ACTIVITY →
Lines from the opening of the material through the line containing "per satu. |" must be duplicated word for word. Pictures are not.
** Opening WORKING DATA block **
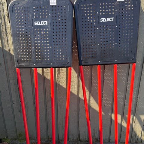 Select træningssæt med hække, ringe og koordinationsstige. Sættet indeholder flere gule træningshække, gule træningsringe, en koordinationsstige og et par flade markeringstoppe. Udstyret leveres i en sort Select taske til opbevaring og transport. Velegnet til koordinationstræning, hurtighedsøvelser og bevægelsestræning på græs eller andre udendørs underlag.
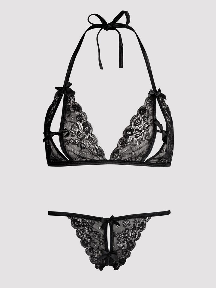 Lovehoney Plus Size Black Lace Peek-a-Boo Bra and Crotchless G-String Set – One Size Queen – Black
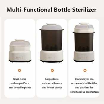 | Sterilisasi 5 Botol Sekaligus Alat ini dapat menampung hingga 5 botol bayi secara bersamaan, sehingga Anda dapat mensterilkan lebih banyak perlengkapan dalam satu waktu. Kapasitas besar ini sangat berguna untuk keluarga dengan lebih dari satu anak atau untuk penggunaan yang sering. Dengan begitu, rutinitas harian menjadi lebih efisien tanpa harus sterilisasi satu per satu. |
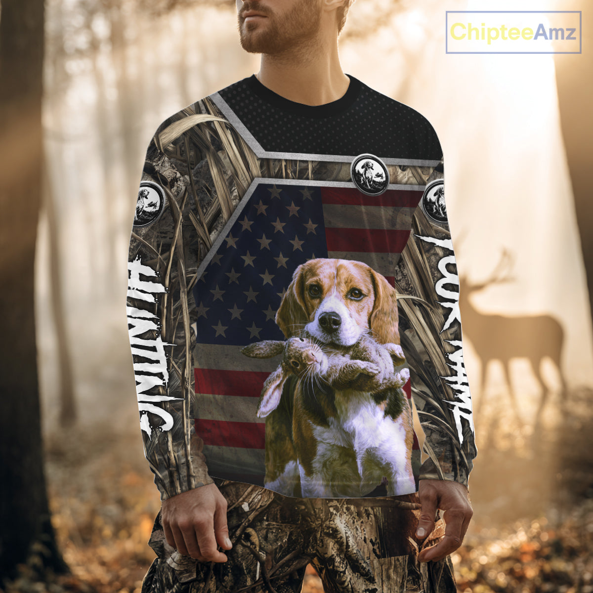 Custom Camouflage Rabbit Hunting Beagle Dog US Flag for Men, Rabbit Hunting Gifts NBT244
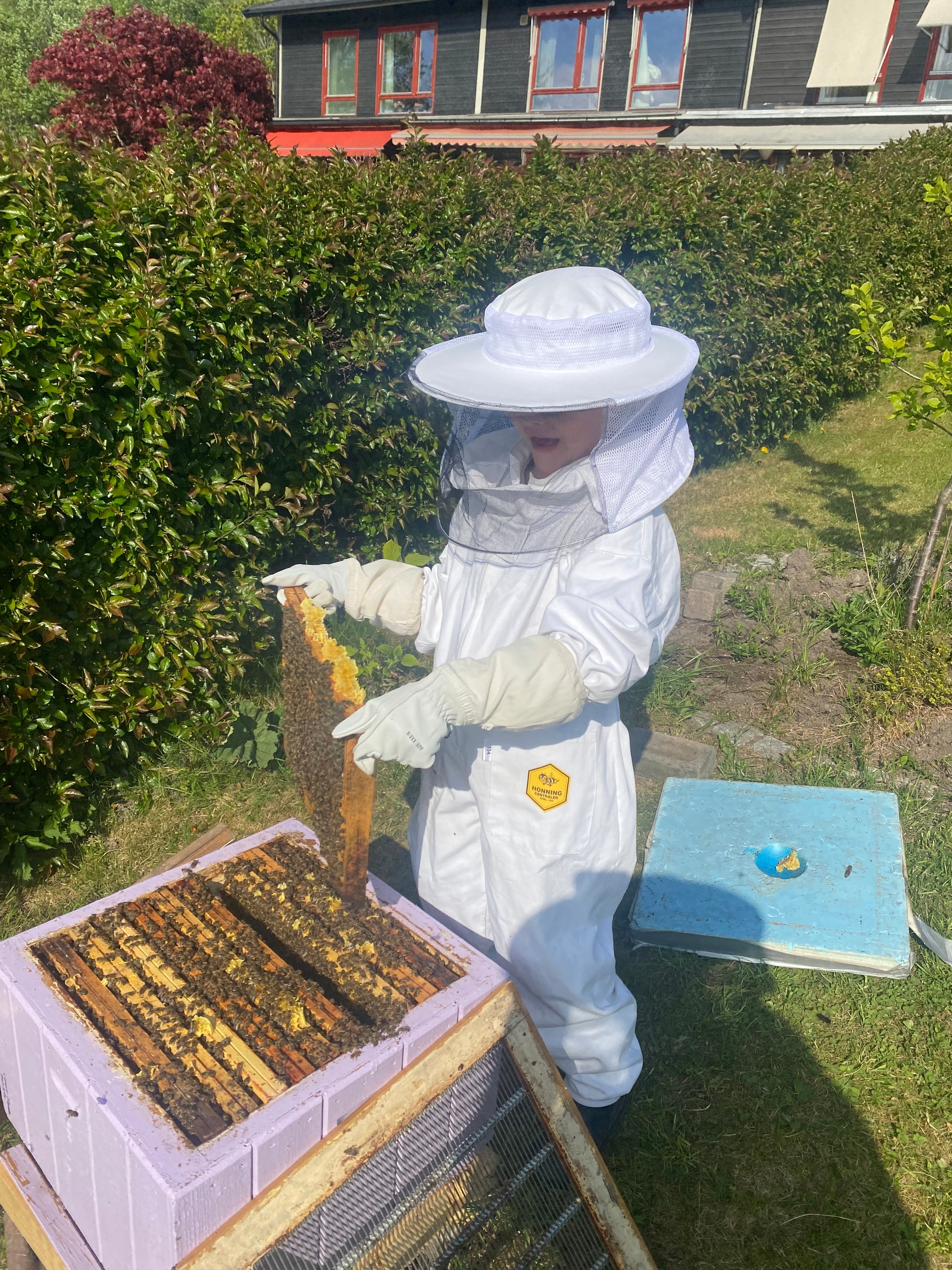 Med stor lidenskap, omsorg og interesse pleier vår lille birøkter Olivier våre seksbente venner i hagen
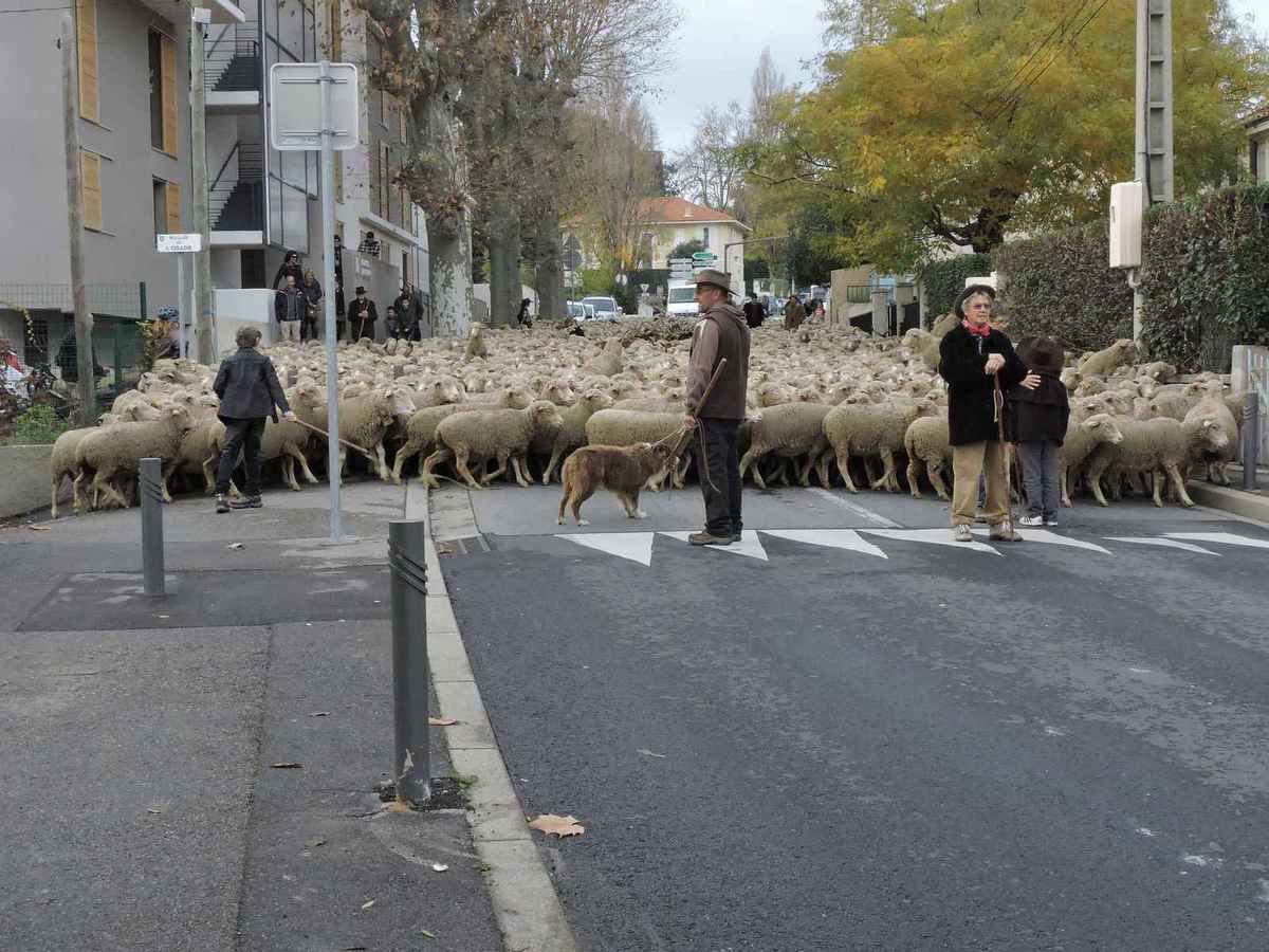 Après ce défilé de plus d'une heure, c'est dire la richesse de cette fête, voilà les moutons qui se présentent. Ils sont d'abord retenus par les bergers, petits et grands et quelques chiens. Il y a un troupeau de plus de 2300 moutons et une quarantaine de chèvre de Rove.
** Closing WORKING DATA block **
RESULT OF THE TASK →
 Select træningssæt med hække, ringe og koordinationsstige. Sættet indeholder flere gule træningshække, gule træningsringe, en koordinationsstige og et par flade markeringstoppe. Udstyret leveres i en sort Select taske til opbevaring og transport. Velegnet til koordinationstræning, hurtighedsøvelser og bevægelsestræning på græs eller andre udendørs underlag.
 Lovehoney Plus Size Black Lace Peek-a-Boo Bra and Crotchless G-String Set – One Size Queen – Black
 | Sterilisasi 5 Botol Sekaligus Alat ini dapat menampung hingga 5 botol bayi secara bersamaan, sehingga Anda dapat mensterilkan lebih banyak perlengkapan dalam satu waktu. Kapasitas besar ini sangat berguna untuk keluarga dengan lebih dari satu anak atau untuk penggunaan yang sering. Dengan begitu, rutinitas harian menjadi lebih efisien tanpa harus sterilisasi satu per satu. |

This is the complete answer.